Sample A came from Trump’s December 21st speech in Grand Rapids, MI (sourced from Mark Liberman), and Sample B was produced by Trump Bot, seeded with the phrase “I will build a” Sample A was not in the training set for the Trump Bot models. I introduced newlines to both speeches at intuitive points in the speeches. Below, I outline a few of the most notable similarities and differences between these two speeches.
Trump Bot’s style is remarkably similar to that of the real speech in many ways. Here are a few examples with supporting excerpts:
|Observation||Example from Sample A||Example from Sample B|
|Phrases are frequently repeated||
|Thoughts are expressed in short clauses||
Similarity of style alone is not difficult to achieve – I could easily generate speeches similar in style to the original transcripts by copying and pasting. What is impressive is that Trump Bot also generates entirely new phrases and sentences: 53% of all consecutive three-word sequences and 79% of all consecutive four-word sequences cannot be found in the training transcripts Trump Bot trained on (see Figure 1 for more details).

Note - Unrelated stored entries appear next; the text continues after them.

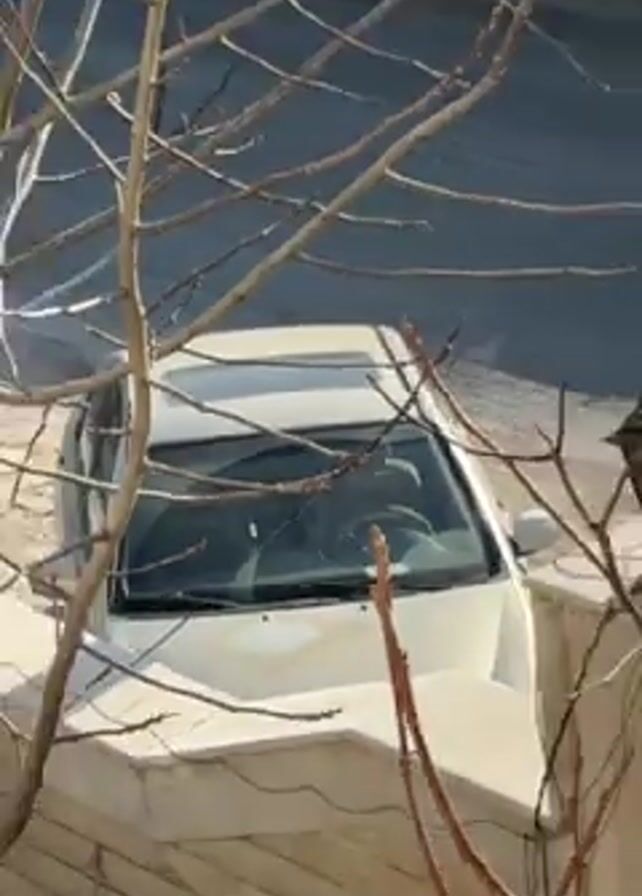 view from above of a white car parked on a road with a person visible inside. The scene includes a tan-colored wall or balcony in the foreground with some bare trees obscuring parts of the view. In the background, there's a road winding through a hilly landscape, with buildings visible on the slopes. The sky is bright, suggesting it's daytime. The camera pans slightly to reveal more of the environment.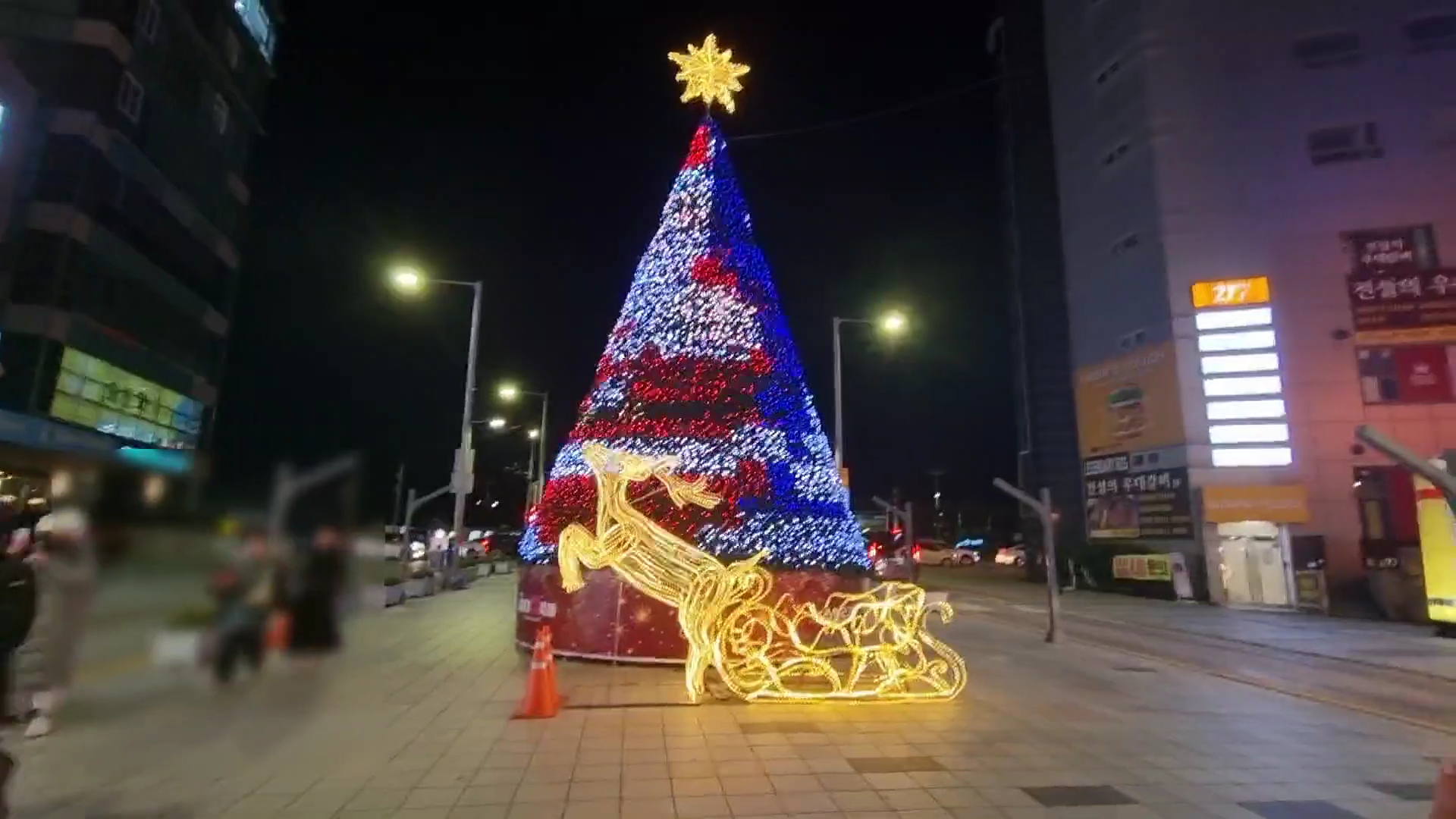해수욕장 한가운데 설치된 '초대형 빛 트리'는 방문객들의 인증샷 명소입니다.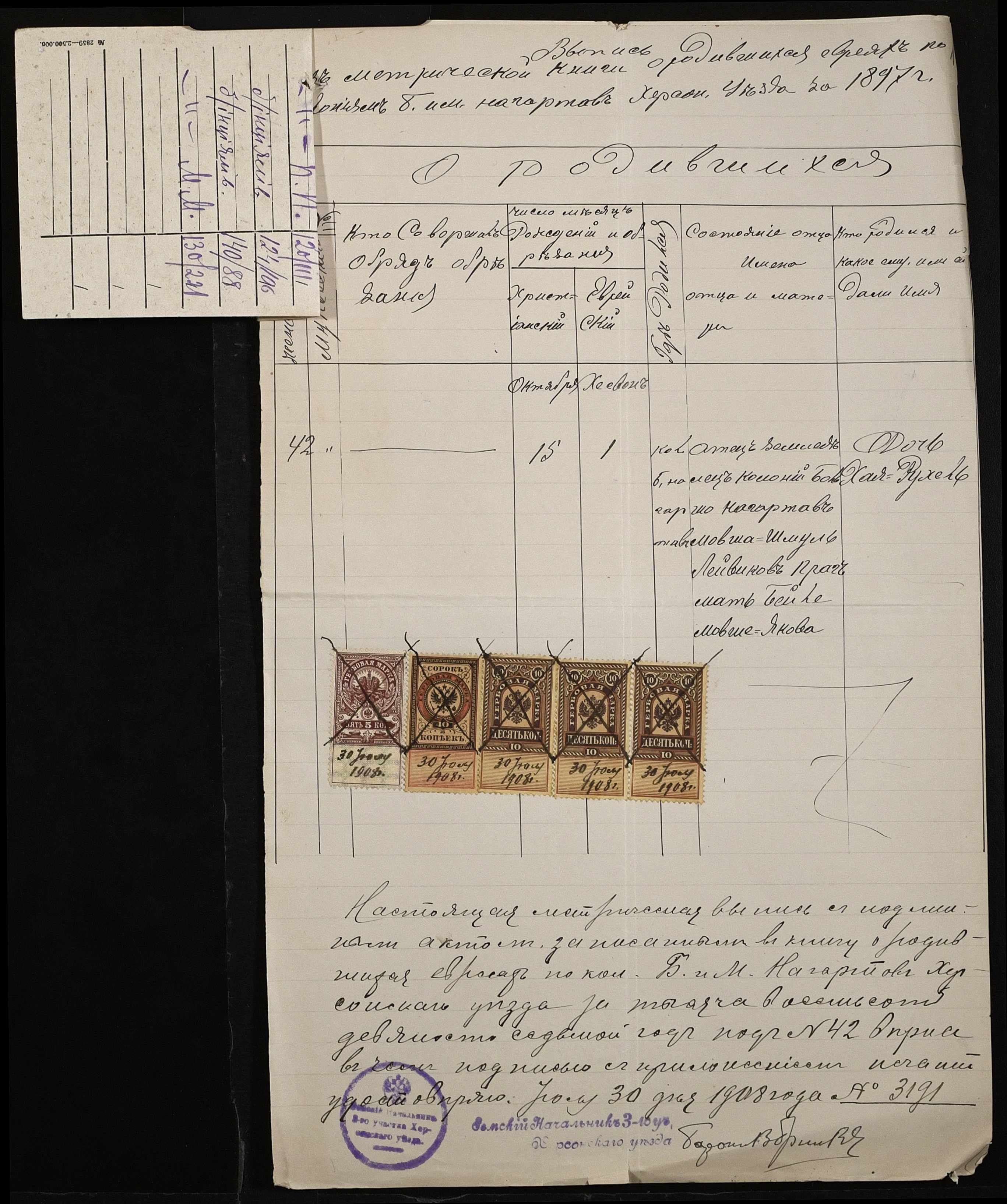 ◦ ◦ ◦ Опис № 1 справ постійного зберігання за 1908 – 1920 роки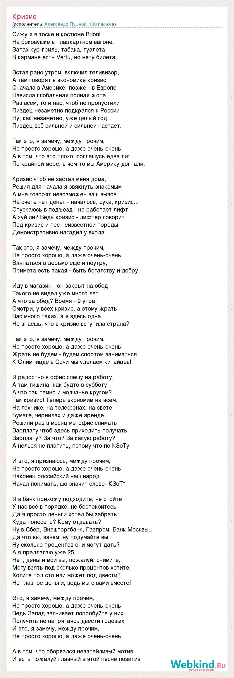 Сижу я в тоске и костюме Brioni На боковушке в плацкартном вагоне. Запах кур-гриль, табака, туалета В кармане есть Vertu, но нету билета. Встал рано утром, включил теливизор, А там говорят в экономике кризис Сначала в Америке, позже - в Европе Нависла глобальная полная жопа Раз всем, то и нас, чтоб не пропустили Пиздец незаметно подкрался к России Ну, как незаметно, уже целый год Пиздец всё сильней и сильней настает. Так это, я замечу, между прочим, Не просто хорошо, а даже очень-очень А в том, что это плохо, соглашусь едва ли: По крайней мере, в чем-то мы Америку догнали. Кризис чтоб не застал меня дома, Решил для начала я звякнуть знакомым А мне говорят невозможен ваш вызов На счете нет денег - началось, сука, кризис... Спускаюсь в подъезд - не работает лифт А хуй ли? Ведь кризис - лифтер говорит Под кризис и пес неизвестной породы Демонстративно нагадил у входа Так это, я замечу, между прочим, Не просто хорошо, а даже очень-очень Вляпаться в дерьмо еще и поутру, Примета есть такая - быть богатству и добру! Иду в магазин - он закрыт на обед Такого не видел уже много лет А что за обед? Время - 9 утра! Смотри, у всех кризис, а этому жрать Вас много таких, а я здесь одна. Не знаешь, что в кризис вступила страна? Так это, я замечу, между прочим, Не просто хорошо, а даже очень-очень Жрать не будем - будем спортом заниматься К Олимпиаде в Сочи мы уделаем китайцев! Я радостно в офис спешу на работу, А там тишина, как будто в субботу А что так темно и молчанье кругом? Так кризис! Теперь экономим на всем: На технике, на телефонах, на свете Бумаге, чернилах и даже аренде Решили раз в месяц мы офис снимать Зарплату чтоб здесь приходить получать Зарплату? За что? За какую работу? А нельзя не платить, потому что по КЗоТу И это, я признаюсь, между прочим, Не просто хорошо, а даже очень-очень Наконец российский наш народ Начал понимать, шо значит слово "КЗоТ" Я в банк прихожу подходите, не стойте У нас всё в порядке, не беспокойтесь Да я просто деньги хотел бы забрать Куда понесете? Кому отдавать? Ну в Сбер, Внешторгбанк, Газпром, Банк Москвы.. Да что вы, зачем, ну подумайте вы Ну сколько процентов они могут дать? А я предлагаю уже 25! Нет, деньги мои вы, пожалуй, снимите, Могу взять под сколько процентов хотите, Хотите под сто или может под двести? Не главное деньги, ведь мы с вами вместе! Это, я замечу, между прочим, Не просто хорошо, а даже очень-очень Ведь Запад загнивает попробуйте у них Получить не напрягаясь двести годовых И это, я замечу, между прочим, Не просто хорошо, а даже очень-очень А в том, что оборвался незатейливый мотив, И есть пожалуй главный в этой песне позитив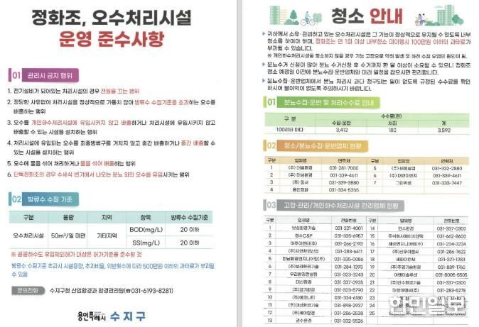 이번 안내문에는 시민들이 꼭 알아야 할 ▲정화조 관리 시 주의사항 ▲정화조·분뇨 청소 요금 기준 ▲허가받은 청소·수거 업체 현황 ▲방류수 수질 기준과 관리 요령 등이 담겼다.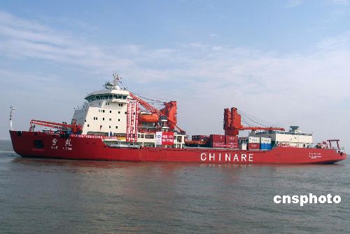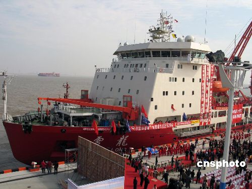 十一月十二日上午十時三十分,首次投入使用的外高橋的中國極地科考船專用碼頭上,彩旗迎風招展。已舊貌換新顏的中國唯一從事極地破冰航行的科考船“雪龍”號身披紅裝從這里啟航奔赴南極,執(zhí)行第二十四次南極科考任務。中新社發(fā) 陸從兵 攝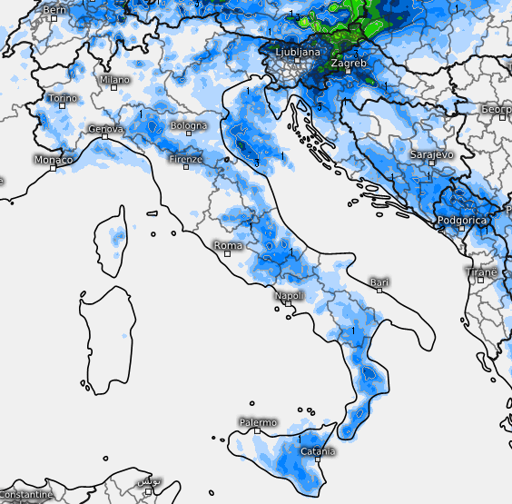 Sul fronte del temporali, questa è la sommatoria dei fenomeni attesi in Italia fino alla mezzanotte prossima: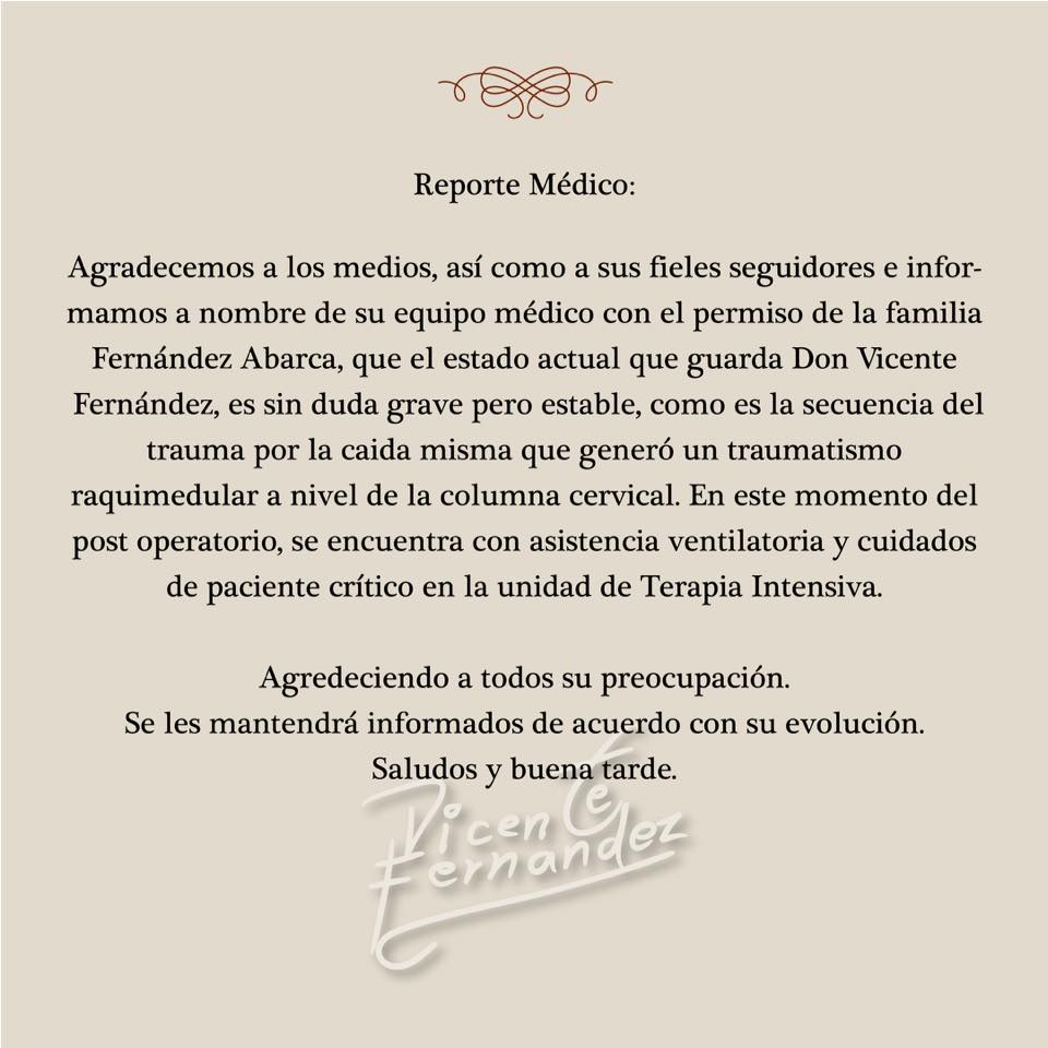 Y durante las últimas horas, Los Fernández dieron a conocer el nuevo parte médico del “Charro de Huentitán”, quien aún se encuentra bajo el cuidado de sus médicos de cabecera, e incluye “un grave, pero estable”.

Figure 1: Generated sequence novelty
Lastly, Trump Bot more often than not produces content that Trump would undoubtedly support, if he hasn’t done so already. Here are a few examples:
- “I think it’s amazing to say, I’m a conservative.”
- “I’ve gotten a lot of money…”
- “We’re going to build a wall.”
- “…they’re going to pay for the wall.”
- “I want to make sure that’s the best that I’ve ever seen negotiated.”
In spite of these successes, Trump Bot still has a lot to learn. There are a few notable differences between Sample A and Sample B, the largest of which is continuity. Speech A (the real speech) is clearly building towards something throughout, though it’s not necessarily clear what that something is until the third paragraph or so. There are many tangents and asides3, but there is a clear and central point to it all: Trump can bring jobs back to America. Trump Bot, however, doesn’t develop a consistent argument throughout Sample B; instead, it produces a jumbled, rambling speech that, on average, more closely resembles the “typical” Trump speech.
A second difference is that Trump Bot makes English mistakes more frequently than Trump. For example, in Sample B, it mistakenly uses the word no instead of not: “I think it was no beautiful”. Trump’s speech transcripts often contain similar mistakes (though arguably to a lesser extent), which is undoubtedly one of the reasons Trump Bot makes these mistakes – Trump Bot learns solely from these transcripts after all.
The last difference worth noting is that Trump Bot sometimes just gets things backwards. Here are two of the most egregious examples:
- “…I’m not going to win this.”
- “I’m not doing a great job for the vets.”
Potential future improvements
Future work might focus on enhancing Trump Bot by testing the following:
- Document-specific embeddings: add a unique document ID to the input layer to capture speech-specific themes
- Speech normalization: optimize text normalization to retain important features (e.g., quotation marks), while minimizing unnecessary noise
- Additional hyperparameter tuning: test the impact of varying additional hyperparameter combinations on prediction accuracy and sample quality
- Expand training data: add data from recent speeches and potentially from other forms of media (e.g., Twitter)
Selected Trump Bot samples
I’ve selected a few of my favorite Trump Bot samples and shared them below. I underlined the most realistic quotes and highlighted the most memorable quotes for ease of reading.
Similar to the sample analyzed above, these samples tend to capture the style and key ideas of the real speeches, while often lacking in continuity and clarity. One thing that is more apparent in these samples is that Trump Bot has started to learn the importance of storytelling, often recounting previous conversations with (imaginary) characters; key phrases are often preceded by “I said”, or “He said”.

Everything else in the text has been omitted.